My Bare-Metal Kubernetes Home Lab
My Bare-Metal Kubernetes Home Lab
Running Kubernetes in a cloud provider is easy. Running it on your own hardware at home, with real networking constraints, real storage, and real TLS certificates — that's where you actually learn how it works.
This is a rundown of the cluster I've been running and iterating on for the past year.
The Cluster
Three nodes, all bare metal:
- k8s-master — control plane
- k8s-worker1 and k8s-worker2 — worker nodes
All running Kubernetes v1.29 provisioned with kubeadm, with Ubuntu as the base OS.
Networking
- CNI: Flannel for pod networking
- LoadBalancer: MetalLB — assigns real IP addresses from my local subnet so services get actual IPs, not just NodePort hacks
- Ingress: nginx-ingress-controller handles all inbound HTTP/HTTPS routing
This means I can hit any service at a real hostname on my network, with proper routing.
TLS Certificates
cert-manager with a Let's Encrypt ClusterIssuer and Cloudflare DNS validation. Every service gets a real, trusted HTTPS certificate automatically — including wildcard certs for *.rfox.net. No self-signed certs, no browser warnings.
Storage
Longhorn for distributed block storage. It replicates volumes across nodes, which means if a worker goes down I don't lose data. It also has a solid UI for volume management and snapshots.
What's Running
Some of the services I self-host on the cluster:
- AWX (Ansible Tower) — automation and playbook management
- Home Assistant — smart home control
- Excalidraw — local diagramming
- Homebox — home inventory management
- Minecraft Bedrock — family server
- Kubernetes Dashboard — cluster visibility
- Ollama — local LLM inference
Plus the monitoring stack: Prometheus, Grafana, and New Relic for APM and log aggregation.
Observability
New Relic collects logs from all pods and gives me a dashboard across the cluster. For metrics I use both Prometheus/Grafana (for in-cluster dashboards) and New Relic's Kubernetes integration. metrics-server is also running for kubectl top support.
CI/CD
GitHub Actions builds and pushes container images to GHCR (GitHub Container Registry), then deploys to the cluster using kubectl. For static sites I use nginx ConfigMaps — no image builds needed.
Lessons Learned
Flannel restart storms are real. The kube-flannel pods accumulate restarts over the life of the cluster — this is usually harmless but worth watching.
cert-manager-cainjector is chatty. It restarts more than it should; it's a known issue. As long as certificates are issuing fine, it's noise.

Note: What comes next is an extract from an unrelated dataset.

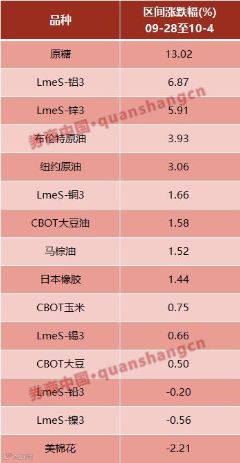 截至10月4日收盘,原油、原糖、伦铝、伦锌等纷纷大涨,涨幅均超过3%。其中,原糖期货连续五天大涨,涨幅逾10%;布伦特和美原油也创出四年新高,布油一度突破86美元关口;而另一个值得留意的品种——LME铝,则是平地起惊雷,周三受巴西铝冶炼厂停产的消息,单日暴涨6.4%。此外,伦铜、美豆油、马棕榈、日本橡胶涨幅也超过1%。
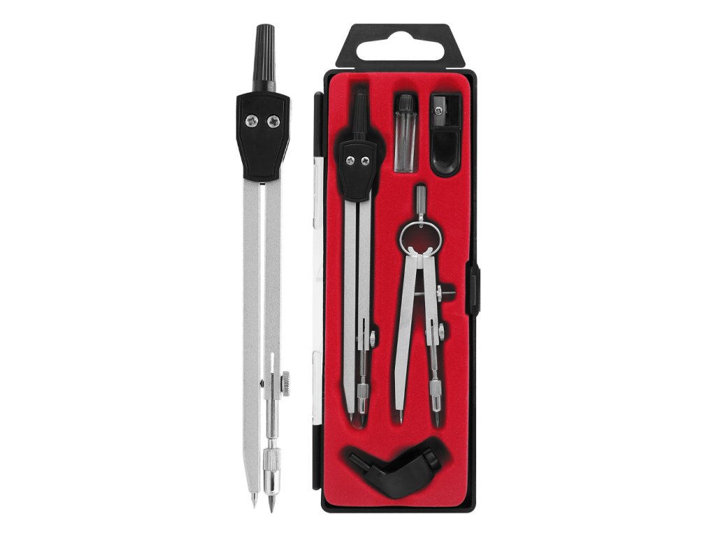 Sada kružidel s kovovým tělem pro precizní rýsování v praktickém pouzdře.

Longhorn needs dedicated disk IOPS. Running storage replicas on the same drives as the OS creates contention under load. Separate disks (or at least separate partitions) helps.
MetalLB + Cloudflare Proxy = home.rfox.net. I point all public subdomains to a single Cloudflare-proxied IP that routes to the cluster. This keeps real IPs hidden and gives me DDoS protection for free.
What's Next
- ArgoCD for proper GitOps instead of manual
kubectl apply - Automated backups of Longhorn volumes to S3
- More AI/LLM workloads on Ollama as local models improve
The home lab is never finished — that's kind of the point.